● RECORDS FOR THE EXERCISE:
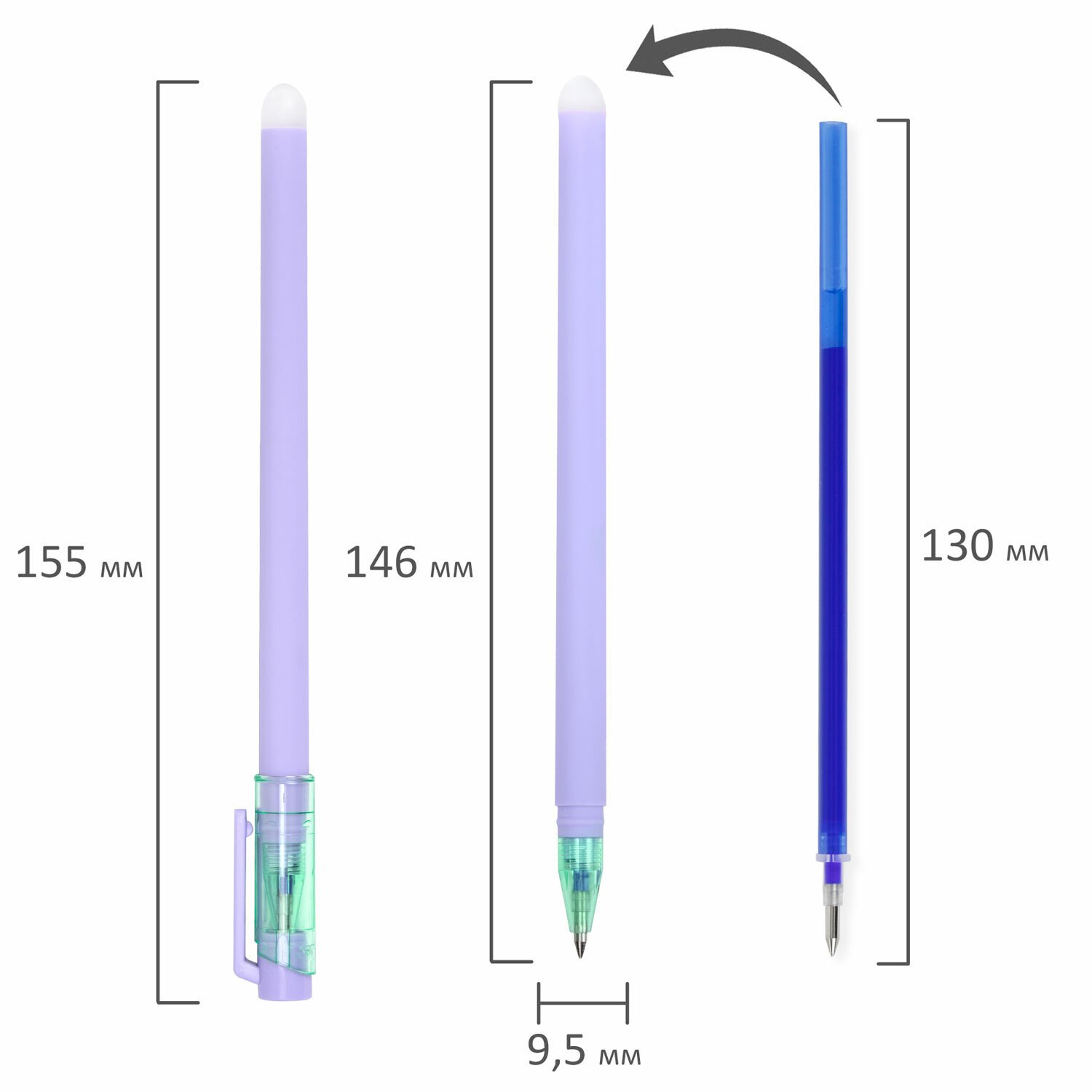 Ручка имеет круглый прорезиненный корпус в цвете ассорти нежных оттенков. Наконечник стандартный. Длина сменного стержня составляет 130 мм. Диаметр пишущего узла, равный 0,5 мм, создает линию письма, равную 0,35 мм. Возможность многократного стирания и повторного письма. Цвет чернил - синий. В наборе 4 ручки.
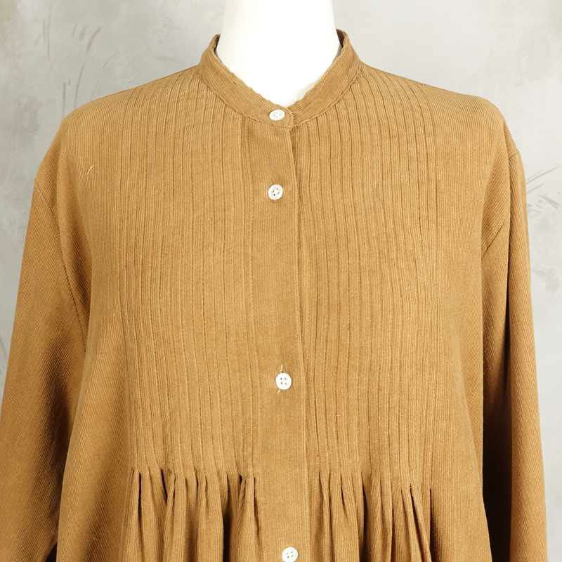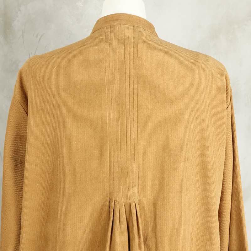 細畝のコーデュロイ生地で出来たタックワンピースです。 細かいタックがプリーツのようになり、スカートが広がるデザインになっています。 ロング丈で温かみのある雰囲気ですが、ノーカラーなので首元をスッキリ見せてくれます。 前がボタンで開くデザインになっている為、ワンピースとしてだけでなくコートのように羽織りとしても着て頂けます。
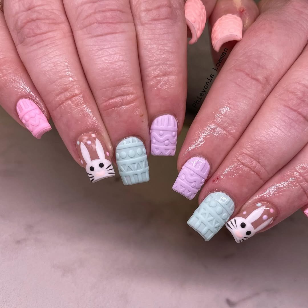 These nails are pure Easter creativity. Soft pastel shades of pink, lavender, and baby blue are sculpted with raised textures that look like decorated Easter eggs.
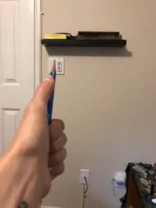 Bằng cách giữ cây que, cọ vẽ, hoặc bút chì ở khoảng cách một cánh tay, họa sĩ có thể xác định được tỷ lệ. Ví dụ, trong bức ảnh trên, bạn biết khoảng cách từ công tắc đèn đến đáy kệ phía trên nó bằng 2/3 chiều cao tấm che công tắc đèn. Và bạn cũng biết rằng tấm che công tắc đèn không hoàn toàn vuông vắn. Thực ra chiều cao của nó không bằng chiều rộng.
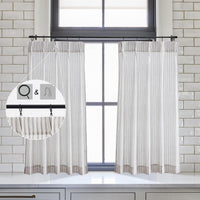 36 Inch Length Pinch Pleated Curtains For Bathroom Window,Striped Kitchen Tier Curtain With Hooks Rings,Gray And White Ticking S
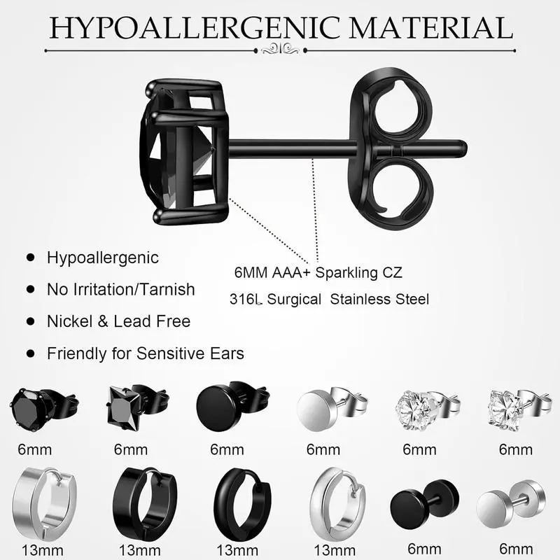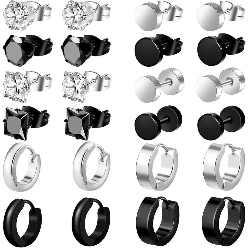 ��Complete Set����You will get a value earrings stud set (total 12 pairs in black and color), include 4 pairs studs earrings , 4 pairs black earrings stud. 2 paris black hoop earrings and 2 hoop earring. A variety of styles so super versatile. ��Safety Material���� Earrings for men are made of stainless steel and cubic zirconia, stianless steel is lightweight and gentle on ear holes, more comfortable. , not change color and long-lasting shiny, stud earrings with smooth surface for easily insertion and removal, and to . ��Various Size����Stainless steel stud earrings gauges: 20G(0.8mm); hoop earrings gauges: 18G(1mm); each pair has their own fashion and classic style, such as dangle-hinged hoops, square CZ earring, circles earrings , triangle stud earrings, flact earrings and other various shapes. Mens black earrings with various style for the one who loves to change up their look frequently. ��Multiple Occasions����Black/ earrings for men are full of personality and cool for daily wear or special event, really suit for anywhere you wanna to shine bright, like birthday parties, travels, appointments, festivals, weddings, business, dance parties, graduation, prom night and other important events. They are comfortable and very pretty on. �� ����Stainless steel earrings for men is a wonderful for everyone on an earrings journey, gifts for yourself, family, friends and lovers on Christmas Day, Anniversary Day, Valentine's Day, Birthday, etc. Earrings men allows for creativity and personal style expression. Whether you're going for a subtle look or something bold.
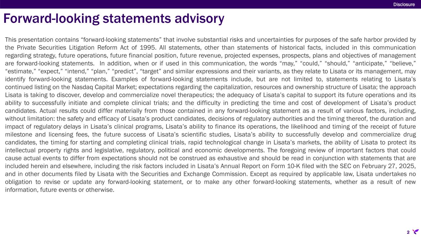 © L i s a t a T h e r a p e u t i c s , I n c . 2 0 2 5 . A l l r i g h t s r e s e r v e d . Targeted Therapy Delivered www.lisata.com Corporate Presentation | June 26, 2025 Nasdaq: LSTA Exhibit 99.2
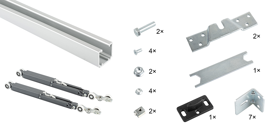 Sada kování pro jedno křídlo s tlumením. Včetně horního vedení o délce 2000mm a příchytů na zeď. Nosnost: 40 kg. Baleno v tubusu. .

● PROBLEM TO SOLVE:
Go from the first line of the data above to the line containing "36 Inch Length" and retype exactly those lines, both included, but none of the pictures.

● RESULT OF THE EXERCISE:
 Ручка имеет круглый прорезиненный корпус в цвете ассорти нежных оттенков. Наконечник стандартный. Длина сменного стержня составляет 130 мм. Диаметр пишущего узла, равный 0,5 мм, создает линию письма, равную 0,35 мм. Возможность многократного стирания и повторного письма. Цвет чернил - синий. В наборе 4 ручки.
 細畝のコーデュロイ生地で出来たタックワンピースです。 細かいタックがプリーツのようになり、スカートが広がるデザインになっています。 ロング丈で温かみのある雰囲気ですが、ノーカラーなので首元をスッキリ見せてくれます。 前がボタンで開くデザインになっている為、ワンピースとしてだけでなくコートのように羽織りとしても着て頂けます。
 These nails are pure Easter creativity. Soft pastel shades of pink, lavender, and baby blue are sculpted with raised textures that look like decorated Easter eggs.
 Bằng cách giữ cây que, cọ vẽ, hoặc bút chì ở khoảng cách một cánh tay, họa sĩ có thể xác định được tỷ lệ. Ví dụ, trong bức ảnh trên, bạn biết khoảng cách từ công tắc đèn đến đáy kệ phía trên nó bằng 2/3 chiều cao tấm che công tắc đèn. Và bạn cũng biết rằng tấm che công tắc đèn không hoàn toàn vuông vắn. Thực ra chiều cao của nó không bằng chiều rộng.
 36 Inch Length Pinch Pleated Curtains For Bathroom Window,Striped Kitchen Tier Curtain With Hooks Rings,Gray And White Ticking S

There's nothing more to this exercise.